» Work request:
Every entry below should be copied exactly, minus the pictures.

(Dataset items)
□ □ □ □ □ □ □
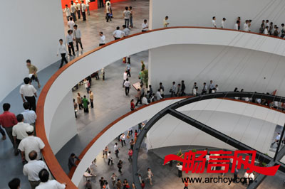 经由螺旋形楼梯,游客可以到达上一层的展馆。与整个博物馆的设计特点一样,在螺旋形楼梯上,游客在走路的同时,还能观看入馆大厅和各展厅的展品。博物馆的一至三层都用作展览,四层里有会议室、研究室、办公室和图书馆。馆内的空地可以举办大型的展会。
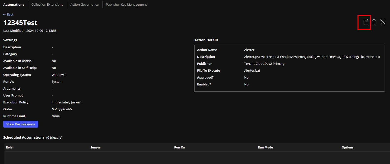 The Edit Automation window opens. In this view, you can edit the metadata of the selected automation.
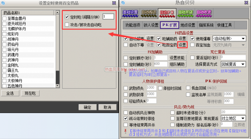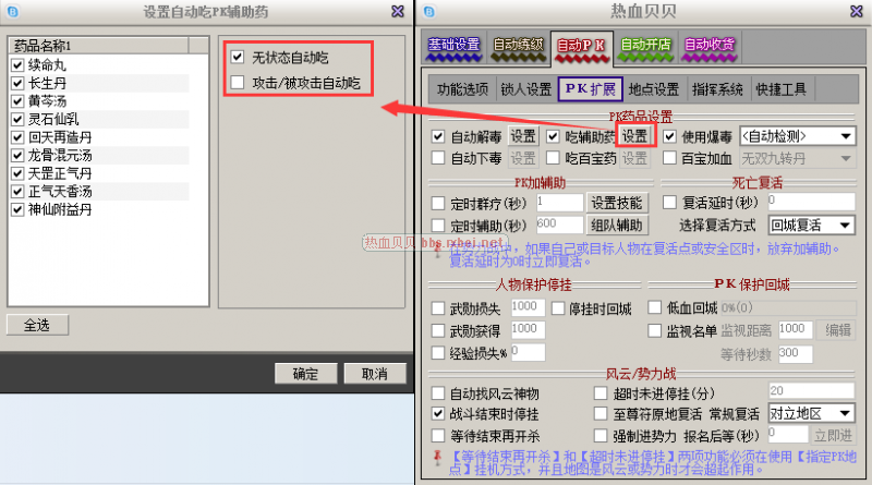 贝贝2.83版本PK模式攻击/被攻击时吃辅助药和百宝药
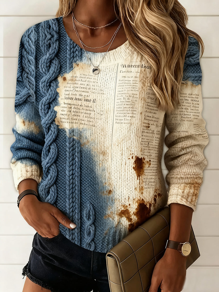 Γυναικείο Vintage Floral Τέχνη Εκτύπωση περιστασιακό πουλόβερ άνεσης
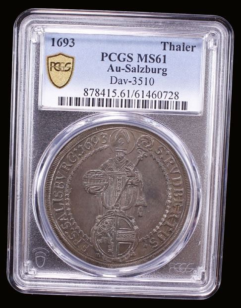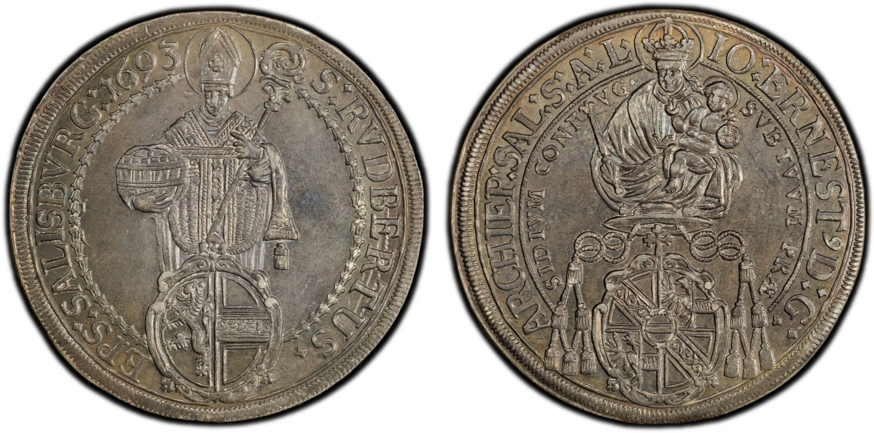 AUSTRIA: SALZBURG: Johann Ernst, 1687-1709, AR thaler, 1693, PCGS MS61
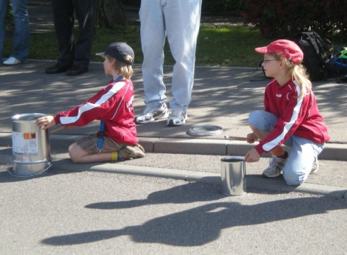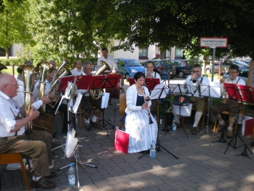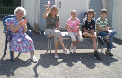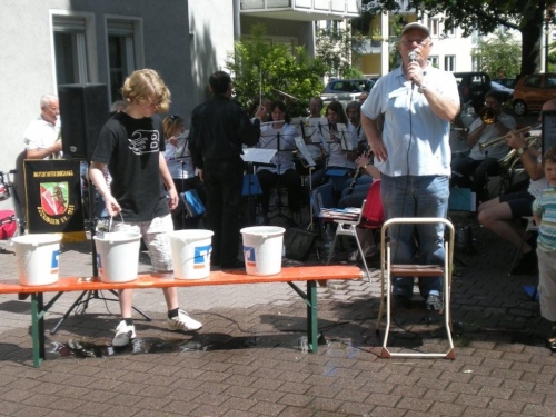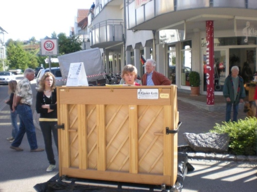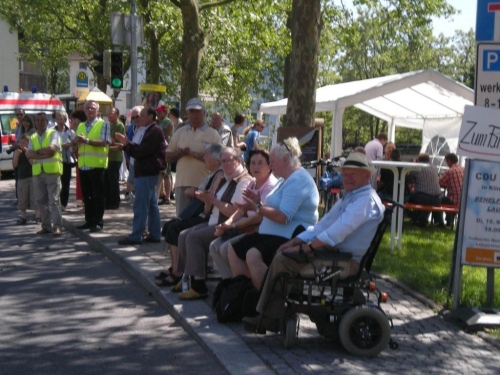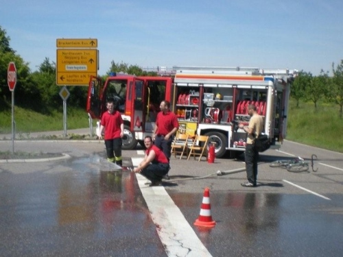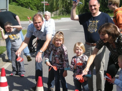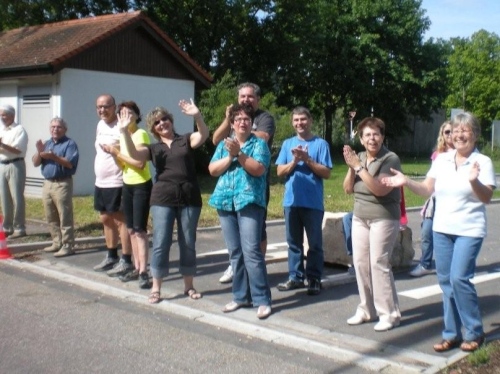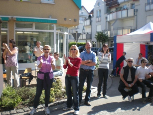 Auch in Flein geht die evangelische Kirchgemeinde heute „an die Hecken und Zäune“. Nach einer kurzen Andacht auf dem Rathausvorplatz widmet sich die Bevölkerung dem „Marathon-Brunch“ der Fleiner Vereine, Geschäftsleute und Gemeinde. Allerdings gehört die Aufmerksamkeit zuerst einmal uns. Bis die Halbmarathonis vorbeikommen, geht dann gemütlich das eine oder andere Tässchen Kaffee die Kehle runter.
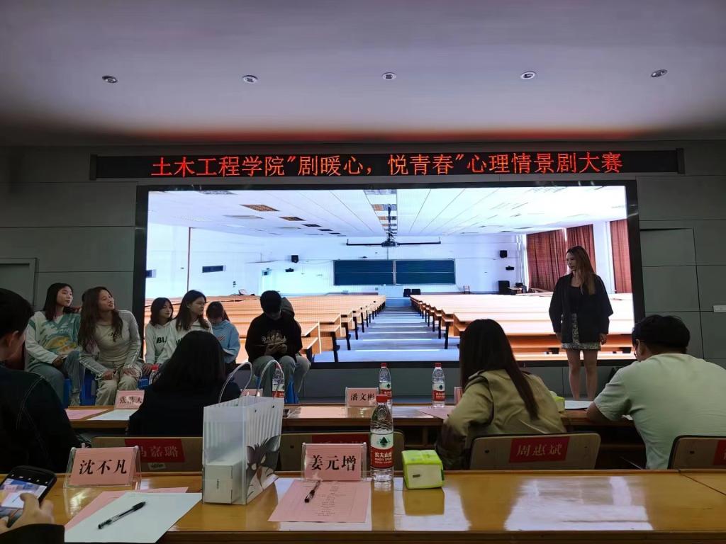 为了增强大学生关注自我及他人心理健康的意识,丰富大学生的课余文化生活。2023年11月5日,新葡的京集团35222vip“剧暖心,悦青春”心理情景剧大赛于校本部立言厅成功举办,本次大赛由新葡的京集团35222vip朋辈心理互助会组织,由土木院心理专干周惠斌老师,辅导员潘文彬老师、张浩天老师、马嘉璐老师、阿山木老师、徐昊达老师,心助会会长李嘉磊,副会长黄敏、李晓堃、沈不凡担任评委,由心助会干事李剑英、张润主持。
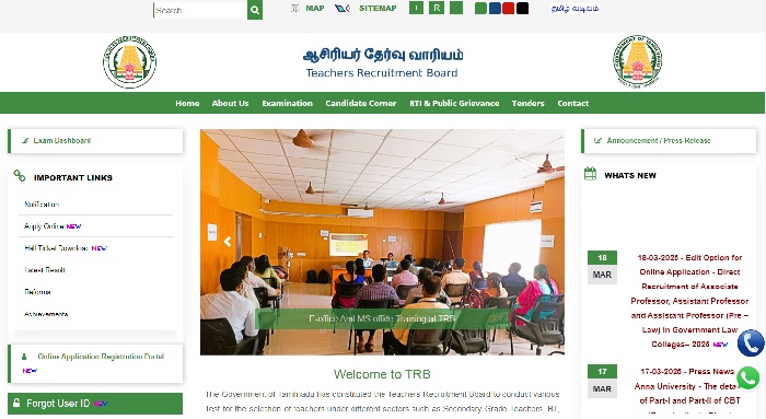 - முதலில் TRBயின் அதிகாரப்பூர்வ இணையதளமான https://trb.tn.gov.in/ செல்லவும்.
□ □ □ □ □ □ □
» Task response:
 经由螺旋形楼梯,游客可以到达上一层的展馆。与整个博物馆的设计特点一样,在螺旋形楼梯上,游客在走路的同时,还能观看入馆大厅和各展厅的展品。博物馆的一至三层都用作展览,四层里有会议室、研究室、办公室和图书馆。馆内的空地可以举办大型的展会。
 The Edit Automation window opens. In this view, you can edit the metadata of the selected automation.
 贝贝2.83版本PK模式攻击/被攻击时吃辅助药和百宝药
 Γυναικείο Vintage Floral Τέχνη Εκτύπωση περιστασιακό πουλόβερ άνεσης
 AUSTRIA: SALZBURG: Johann Ernst, 1687-1709, AR thaler, 1693, PCGS MS61
 Auch in Flein geht die evangelische Kirchgemeinde heute „an die Hecken und Zäune“. Nach einer kurzen Andacht auf dem Rathausvorplatz widmet sich die Bevölkerung dem „Marathon-Brunch“ der Fleiner Vereine, Geschäftsleute und Gemeinde. Allerdings gehört die Aufmerksamkeit zuerst einmal uns. Bis die Halbmarathonis vorbeikommen, geht dann gemütlich das eine oder andere Tässchen Kaffee die Kehle runter.
 为了增强大学生关注自我及他人心理健康的意识,丰富大学生的课余文化生活。2023年11月5日,新葡的京集团35222vip“剧暖心,悦青春”心理情景剧大赛于校本部立言厅成功举办,本次大赛由新葡的京集团35222vip朋辈心理互助会组织,由土木院心理专干周惠斌老师,辅导员潘文彬老师、张浩天老师、马嘉璐老师、阿山木老师、徐昊达老师,心助会会长李嘉磊,副会长黄敏、李晓堃、沈不凡担任评委,由心助会干事李剑英、张润主持。
 - முதலில் TRBயின் அதிகாரப்பூர்வ இணையதளமான https://trb.tn.gov.in/ செல்லவும்.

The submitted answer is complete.